Polling flags were set for data and sock layer, but while this does make
sense for the ENA flag, it does not for the POL flag which translates the
detection of an EAGAIN condition. So now we remove the {DATA,SOCK}_POL*
flags and instead introduce two new layer-independant flags (WANT_RD and
WANT_WR). These flags are only set when an EAGAIN is encountered so that
polling can be enabled.
In order for these flags to have any meaning they are not persistent and
have to be cleared by the connection handler before calling the I/O and
data callbacks. For this reason, changes detection has been slightly
improved. Instead of comparing the WANT_* flags with CURR_*_POL, we only
check if the ENA status changes, or if the polling appears, since we don't
want to detect the useless poll to ena transition.
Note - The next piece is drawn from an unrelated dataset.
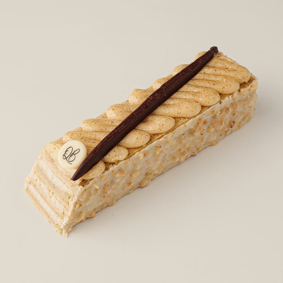 2017年サロン・デュ・ショコラ パリで新人賞、C.C.C.で金賞を受賞しフランスのリールに店舗を持つ<カンタン・バイィ>。バニラが香るしっとりとしたケーク生地に、マダガスカル産バニラビーンズを丁寧に煮出したホワイトチョコレートのガナッシュを贅沢に重ねました。

Tests show that this
has eliminated one useless call to __fd_clr().
Finally the conn_set_polling() function which was becoming complex and
required complex operations from the caller was split in two and replaced
its two only callers (conn_update_data_polling and conn_update_sock_polling).
The two functions are now much smaller due to the less complex conditions.
Note that it would be possible to re-merge them and only pass a mask but
this does not appear much interesting.
The PROXY protocol is now decoded in the connection before other
handshakes. This means that it may be extracted from a TCP stream
before SSL is decoded from this stream.